Tras una oferta inicial de U$S 10 mil más premios que el hermano y representante del futbolista descartó de plano, el club duplicó la cantidad de dinero con una advertencia: "no podemos pagar más que esto".

En la postura de negociar con Forlán no hubo oficialistas ni opositores, sino un grupo de directivos que decidieron cerrar la canilla de los dólares en un club que necesita de forma imperiosa equilibrar sus finanzas.

En toda esta cuestión hay algo claro. Forlán fue un brillante jugador de fútbol, es un profesional dedicado al máximo y está en todo su derecho de poder exigir cobrar el salario que considere que vale su propia figura.

El mismo derecho tiene el club de ponerle un techo a la negociación y fijar una cifra máxima para cuidar sus arcas.
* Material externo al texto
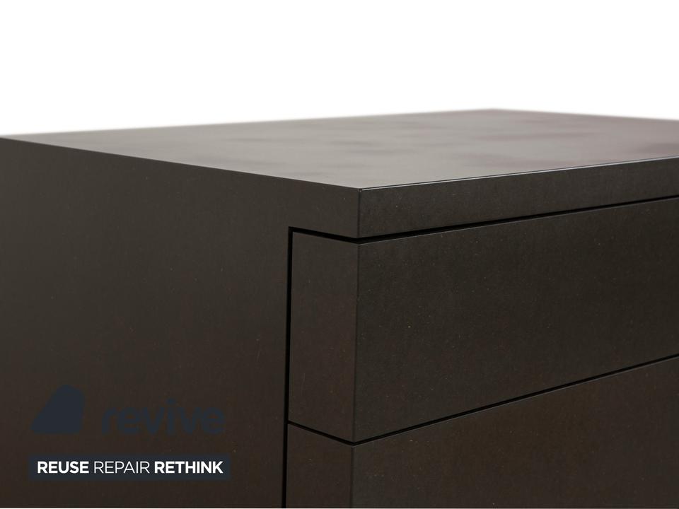 Dieses Sideboard aus dem Hause Wilkhahn ist ein Musterbeispiel für klares, reduziertes Design. Die Oberfläche in dunklem Anthrazit bis Schwarz wirkt absolut zeitlos und fügt sich nahtlos in moderne Büros oder Home-Office-Bereiche ein. Ohne sichtbare Griffe wirkt die Front wie eine ruhige, einheitliche Fläche – pure Eleganz, die keine Ablenkung duldet.Die vier geräumigen Schubladen bieten nicht nur viel Stauraum für den täglichen Bedarf. So verbindet Wilkhahn maximale Stabilität und Funktion mit hochwertigem Design.

"Nos habíamos reunido con mi hermano para manejar una estrategia de marketing para que Peñarol no tenga que poner nada, porque sé lo que está pasando y hace meses que le deben a la mayoría del plantel, al técnico, a todos. Entendía la situación y lo que menos quería era crear un problema más", dijo Forlán en diálogo con radio 1010.
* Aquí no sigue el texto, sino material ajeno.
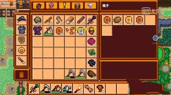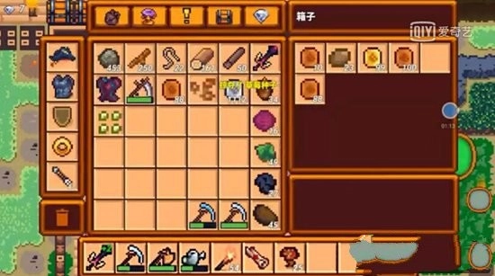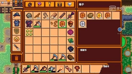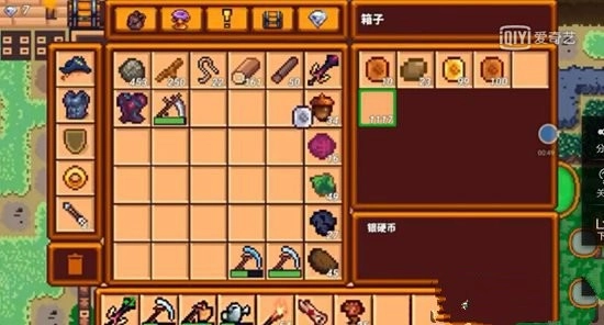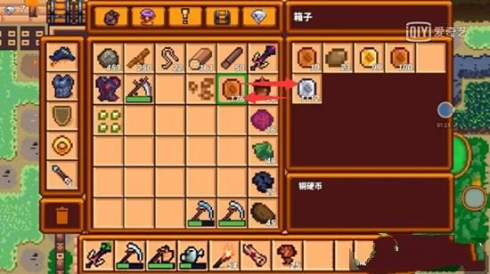 5、接着打开箱子,把88个找零的铜币放进箱子里,如此一来背包里就又只剩下银币了,随后我们再去购买一颗草莓种子。

Sin embargo los directivos que participaron en la negociación fueron consultados por Referí y todos coincidieron en algo: nunca hubo un plan de marketing presentado ni una solución alternativa para generar ingresos.

En su primera sesión como presidente, Barrera le preguntó al resto de los directivos si se podía elevar aún más el techo salarial para hacer un esfuerzo supremo, pero se encontró con una negativa contundente desde todos los bloques. El dinero era ese y no habría un peso más para intentar otra cosa.

Primero se pondría la salud del club y luego el deseo de contar con un futbolista por más bueno que sea.
Pablo Forlán fue claro y dijo que su hermano quería retirarse al final de 2018 jugando en Peñarol porque entendían que era el cierre ideal para la "marca Forlán", aunque el jugador tenía ofertas para trabajar en el Mundial de Rusia como comentarista para la TV.

Enojado tras entender que fue víctima de un manoseo, Forlán también apuntó a un problema político para explicar el fracaso en su vuelta: "Cuando se pacta la reunión, Jorge comete un error por querer hacer una política inclusiva diferente a la de Juan Pedro (Damiani) e incluye a los demás dirigentes a formar parte del manejo de los contratos. Fue un problema político para ensuciar al presidente".

Esa versión de Forlán de intentar desestabilizar al presidente pierde fuerza por un motivo clave: la comisión que fue a negociar el contrato con el futbolista la integra Rodolfo Catino, vicepresidente y mano derecha de Barrera en el nuevo gobierno.

Este fin de semana el futbolista mantendrá una reunión privada con el presidente electo en Punta Del Este, donde el nuevo titular del club buscará escribir un nuevo capítulo de una novela que parece cerrada.

Cronología de una llegada que no fue


1) La llamada: 11 de diciembre
Luego de que Peñarol obtuviera el título de Campeón Uruguayo ante Defensor Sporting, el futbolista llamó a Leonardo Ramos para felicitarlo y el DT lo invitó a sumarse al plantel.

2) El pedido formal: 18 de diciembre
En plena negociación para renovar su propio contrato, Ramos le pidió a Barrera que hiciera un esfuerzo para ir por Forlán de cara a la doble competencia.

3) Oferta: 23 de diciembre
Una vez que Forlán comunicó su deseo de volver al club para retirarse y Peñarol le hizo una oferta de U$S 10 mil por mes más premios por objetivos, su hermano y representante la descartó de plano.

4) Contraoferta: 24 de diciembre
Tres dirigentes se reunieron con Pablo Forlán y subieron el techo a U$S 20 mil mensuales más premios. Era lo máximo que el club podía gastar debido a la situación actual.

5) La respuesta: 26 de diciembre
Forlán le comunicó a los dirigentes que no aceptaba la oferta porque era "insuficiente". Tres días después habló en radio donde dijo ser víctima de una situación política.